Cheering and applause rose in the room as the audience got out of their seats, and several people came to the stage and began to hug the young man. As they stood there in that moment of euphoria and elation, things took an odd turn. The ground shook under their feet, and the lights in the large room went out.

A shriek was heard, and as the lights came back on, the people were previously hugging the young man were now screaming in terror at the sight of his clothes on the ground, with his body having vanished. As the people began to run in fear and confusion as all hell broke in that studio loose, the screen cut to the familiar “Technical Difficulties” signal, with a single tone following its arrival.


Sitting there in a fear and confusion of their own, the people inside of that Subway restaurant were dead silent. The only thing that broke the gut wrenching silence was the sound of Alex’s security radio:

*“All units, we have a suspected assault on the second floor, over.”*


Possible Outcomes:

1. Alex runs up to the second floor to deal with the assault.
2. Alex, as well as other people in the Subway, begin to scream in fear.
3. Everyone dies. Lol, this is NOT an option.

----------


## Techno

_Chapter 2: Apocalypse Now_

*Date:* January 1st, 2008
*Time:* 12:56 PM (EST)
*Location:* King Plaza Shopping Center, Brooklyn, NY
*Weather Outside:* 46.7 &#176;F, No Precipitation, and Mostly Cloudy

_“Out of the smoke locusts came down upon the earth and were given power like that of scorpions of the earth.

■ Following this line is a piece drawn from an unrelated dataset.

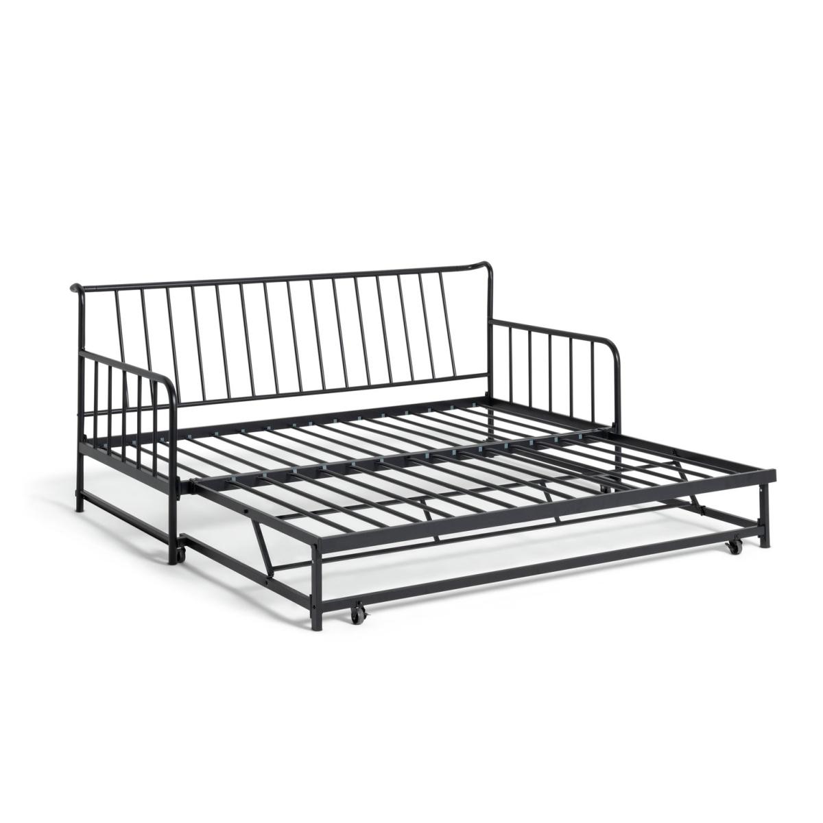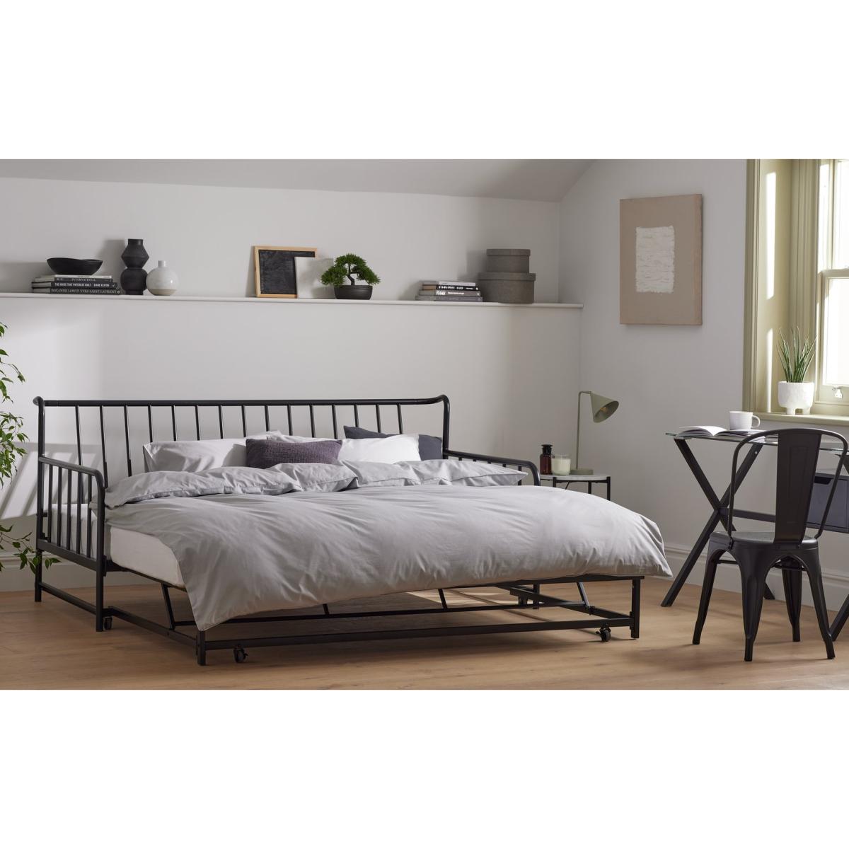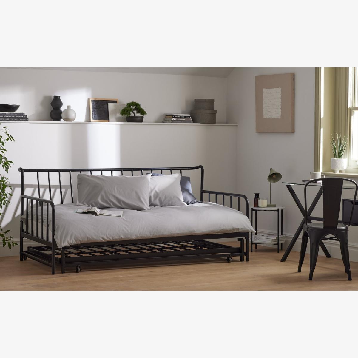 Short on space? Our futon-esque trundle bed frame can be a sofa or overnight sleeper for 2. We're big fans of its space-saving design. Overnighters due? Wheel out the trundle and voila, a twin bed sleep space at the ready. Easy, instant bedtime bliss. Clever Kanso. Now just add mattresses to this clever frame and you're done. We have plenty for you to choose from. Part of the Kanso collection. Metal finish. Model number: 3086430. Supplied with metal slats. Dimensions: Main bed size W114.7, L194.8, H87.9cm. Main bed max. User weight 110kg. Package Dimensions: Package 1 dimensions: H15, W73, D203.5cm. General information: Suitable for everyday use. Self-assembly : 2 people recommended. Manufacturer's 2 year guarantee.

They were told not to harm the grass of the earth or any plant or tree, but only those people who did not have the seal of God on their foreheads.”_ -Revelation 9:3-4

(Outcome #2 won.)

*Alex- 1st Floor, Inside of “Subway”*

*“What the hell just happened to him?”* One woman asked.

*“I don’t know, but I think we just missed the Rapture?”* A man replied.

*“Oh my god, does that mean…we’re all going to hell?”* An older man asked in fear.

*“I don’t want to go to hell! It’s not fair!”* A teenager replied.

*“I'm not going to hell! I’ve lived a decent life!”* A young woman shouted.

*“Yeah, me too! I’m not a bad person!”* Another man also shouted.

*“Everybody just shut up!”* Alex got up out of his seat.

The young security guard stood there in the middle of the Subway, his appearance giving away his inner emotions. With a pale face and white, trembling fists, Alex looked at the customers and employees as if he was the shepard to this lost flock. Before he could even say anything encouraging to the people, his radio went off. Screaming was heard up above the restaurant, and all of the people inside lifted their heads up at its echo. The voice on the radio did not speak in a complex and emotionless code, but rather in blatant English mixed with fear.

*“All units, get to the second floor right now! Something freaking weird is happening…Jesus Christ! Did that just move?”* The security guard’s voice went from fear to horror in that instant. *“W-what the hell?! Get the hell up here already! D-dead f-freaks are getting up and…they’re killing people!”*

Before the transmission even ended, people began to scream and run for the mall exit. Something they could not explain was happening on the upper level, but they didn’t want to remain and find out what it was.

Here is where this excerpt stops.